Chapman & Hall. New York.
Jaffe, Bernard. 1931. Crucibles, The Lives and
Achievements of the Great Chemists.
Jarrolds Publishers. London.
Kirchhoff, Gustav & Robert Bunsen. 1860.
Chemical Analysis by Observation of
Spectra. Annalen der Physik der Chemie.
110: 161-189.
Leicester, Henry M. 1956. The Historical
Background of Chemistry. John Wiley &
Sons, Inc. New York.
Moseley, H.G.J. 1913. The High Frequency
Spectra of the Elements. Phil. Mag. (1913):
1024.
Simmons, John. 1996. The Scientific 100, A
Ranking of the Most Influential Scientists,
Past and Present. Citadel Press. New York.
Trefil, James and Robert Hazen. 2000. The
Sciences, An Integrated Approach. 2nd ed.
John Wiley & Sons, Inc. New York.
FIGURE 8. The Periodic Table of the Elements that Glen Seaborg gave to me in 1998.
QUESTIONS TO THINK ABOUT
1. What was the importance of the Chemical Congress at Karlsruhe?
2. How did the formation of HCl show problems with prevailing views? How were
the problems solved?
3. What is a spectroscope? How did its use help in the discovery of atoms?

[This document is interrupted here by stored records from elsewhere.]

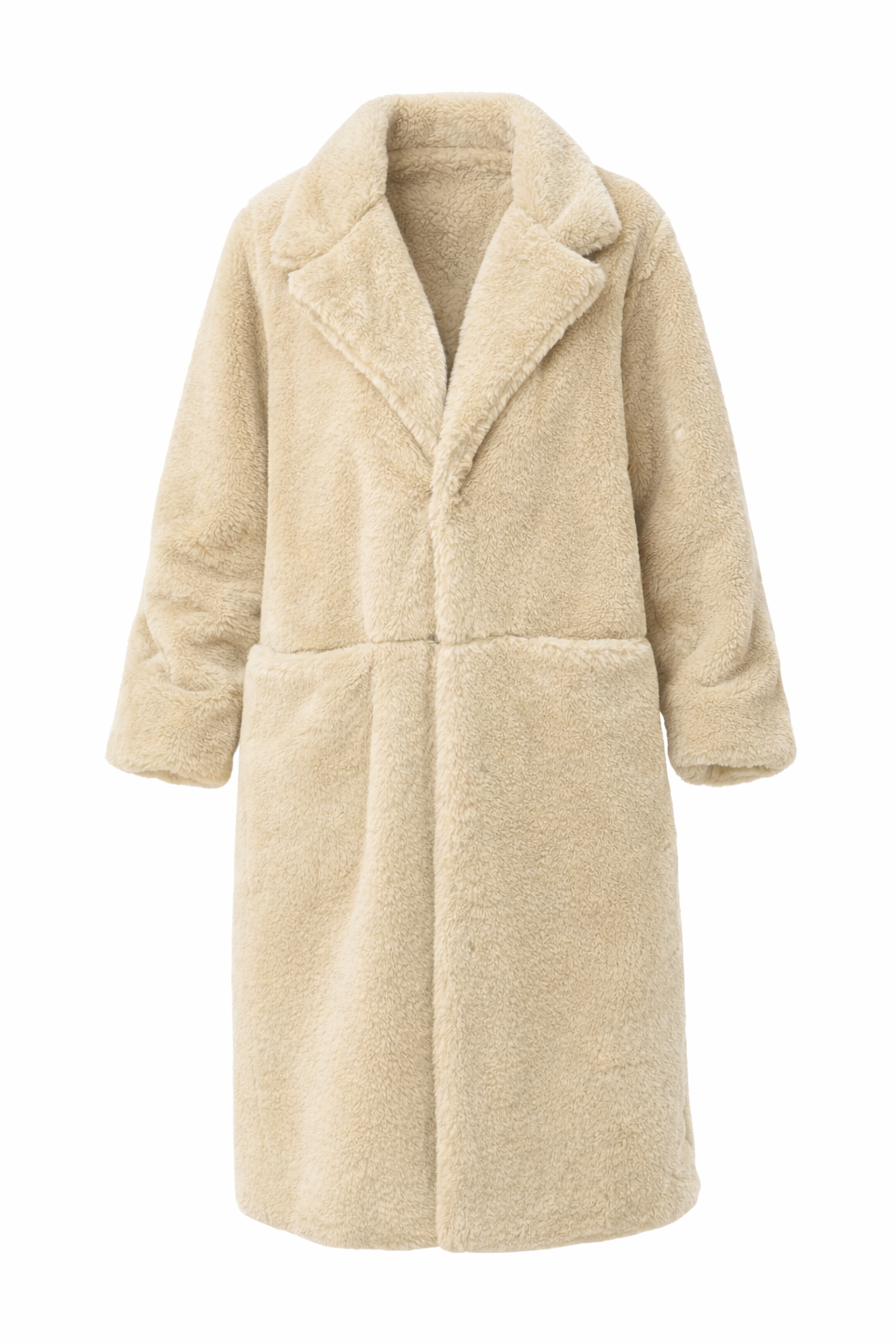 Manteau long en fausse fourrure avec col à revers et manches longues. Poches avant. fermeture portefeuille à boutons sur le devant. Forme oversize.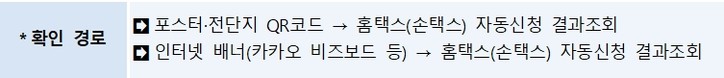 신청대상자에게는 모바일(국민비서) 또는 우편으로 안내문을 발송했으며, 모바일 안내문의 ‘신청하기’ 버튼을 누르거나 자동응답전화(☎1544-9944)로 전화해 개별인증번호를 입력하면 간편하게 신청할 수 있다.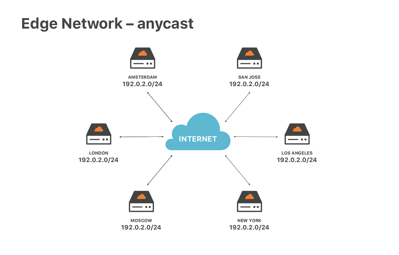 特殊的网络配置——大量使用任播路由(anycast routing)——导致我们的边缘服务器也 很特殊。任播意味着,我们所有的数据中心都通告相同的一组 IP 地址,如上图所示。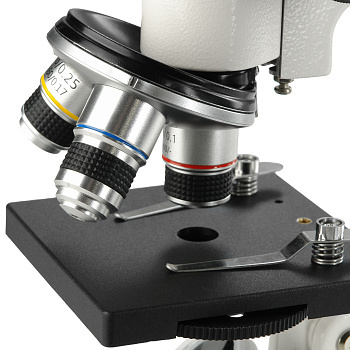 - Штатив и основание микроскопа с окулярным тубусом и револьвером на 3 гнезда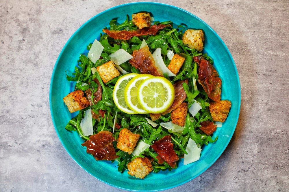 In a small mixing bowl add extra virgin olive oil, juice of lemon, salt and pepper. Whisk dressing together and set aside. Heat up a small sauté pan with oil and add prosciutto. Cook prosciutto for about five minutes, or until prosciutto gets crispy. Once the prosciutto gets crispy, take pan off heat. On a cutting board roughly chop prosciutto. Set aside chopped up prosciutto. In a salad bowl, add arugula, shaved parmesan cheese, chopped prosciutto and croutons. Lastly, pour dressing over salad and toss until dressing is combined. Serve and enjoy!
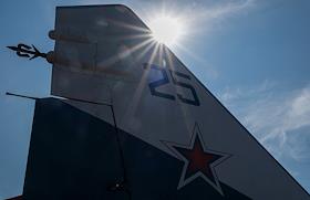 XI Международный военно-морской салон "МВМС-2023". Жанровая фотография. Посадка самолета МиГ-29 пилотажной группы "Стрижи" на аэродроме Ленинградской армии ВВС и ПВО в поселке Левашово после показательных выступлений на "МВМС-2023" в Кронштадте.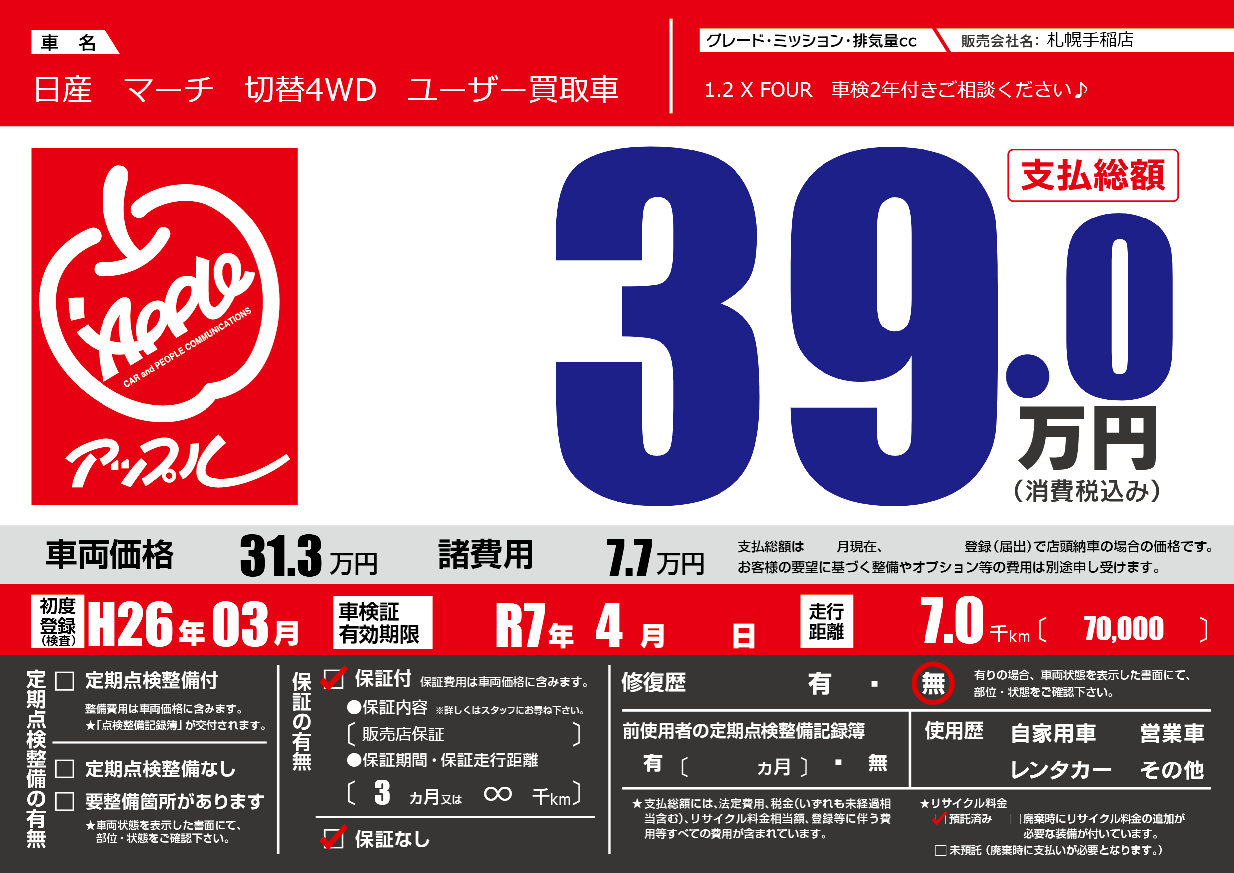 | 車名 | 日産 マーチ 切替4WD ユーザー買取車 | グレード ミッション 排気量 |

4. Ultimately, what did the spectroscopic signature mean?
5. What is the periodic law? How did it come to Mendeleev?
6. How did the periodic table help lead to the discovery of new elements?
7. Who, besides Mendeleev, discovered the periodic law?
8. What was Prout’s Hypothesis?
9. What did I mean by the “lazy elements”?
10. How did Moseley change the meaning of the periodic table?
11. How did Lewis increase the explanatory ability of the periodic table?
12. Who was Seaborg and what was his modification to the periodic table?